Leventhal et al.'s (1980) self-regulatory model is a model about "illness beliefs" and provides a framework for understanding the self-regulation processes that determine health-related behaviours, such as self-management. It is made up of interrelated components.
The first component is the interpretation of the health problem. People confronted with a health problem, in this case, BD, must first get to grips with the health problem itself and what it seems to them to involve. The ways in which people think about (interpret) their health problem creates a representation of that problem. This representation gives personal meaning to the health problem and is organised around five themes:
(1) What is it? (identity): the label given to the health problem such as a medical, or self-diagnosis.
(2) Why has it happened? (cause): the perceived cause of the health problem, which can, for example, be based on cultural ideas, myths or medical knowledge.
(3) How long will it last? (time line): an estimation of how long the health problem or the phase of the health problem will last, and whether it will recur.
(4) What effects will it have? (consequences): a prediction about possible effects on the person's life, which can be about finance, relationships, the person's own health, etc., and can be seen as positive or negative, and serious or minor.
(5) What can I do to make it go away? (cure/control): the possibility that the health problem can be cured or ameliorated and perceptions of control over the health problem by the client and/or others.
The second component concerns how an individual copes with or manages his or her own health problem.
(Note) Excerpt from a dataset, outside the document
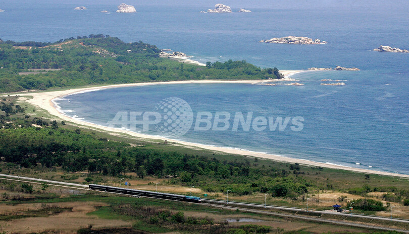 写真は同日、非武装地帯東岸の高城(Goseong)を通過する北朝鮮の列車。(c)AFP/AHN YOUNG-JOON

According to Leventhal et al., beliefs or cognitive representations about the health problems described above provide a framework which functions to guide a return to, or maintenance of, a state of good health. Two broad forms of coping have been described. These are "approach coping (for example, "take the pills" or "joining self-management groups") and "avoidance coping" (for example, disengagement or venting).
The third component is the individuals' appraisal of their coping strategy. The individual evaluates the effectiveness of the coping strategy and decides whether to continue it or use a new one. Not everyone will move to this stage, especially where avoidance is a form of coping, and is not recognised as such.
Leventhal et al. postulate that the association between health problem representations and emotional responses, such as fear, can lead to avoidance coping as a protective measure. For example, if self-management is seen as symbolic of having a feared health problem, then non-adherence, or changing the identity of the health problem to something more trivial, may be a strategy to avoid exposure to threat.
Avoidance coping is also linked to Weinstein's (1984) concept of unrealistic optimism. Individuals vary in their optimism, and those whose optimism is unrealistically high may, for example, interpret their health problems as follows: "It isn't serious"; "they've got it wrong" and "it's normal—other people have highs and lows". They may then not monitor for early warning signs and fail to develop appropriate strategies to avoid or prevent escalation of episodes. In addition, they may feel so safe that they are very likely to engage in dangerous behaviours, such as sleep-disrupting activities. For these reasons, if the individual's optimism is unrealistic, it is likely to lead to avoidance of self-management.
Just as individuals with BD have beliefs about their health problems, they also have beliefs about their ability to carry out health-related behaviours. These seem to be crucial in the stages of self-regulation of health behaviours.
Bandura (1977) used the term self-efficacy not as a trait, but to describe people's beliefs about the extent to which they can control a particular behaviour in a particular situation. Self-efficacy beliefs are associated with feelings of helplessness (Seligman, 1975). In learned helplessness, individuals perceive their responses as futile, leading to failure to initiate coping responses.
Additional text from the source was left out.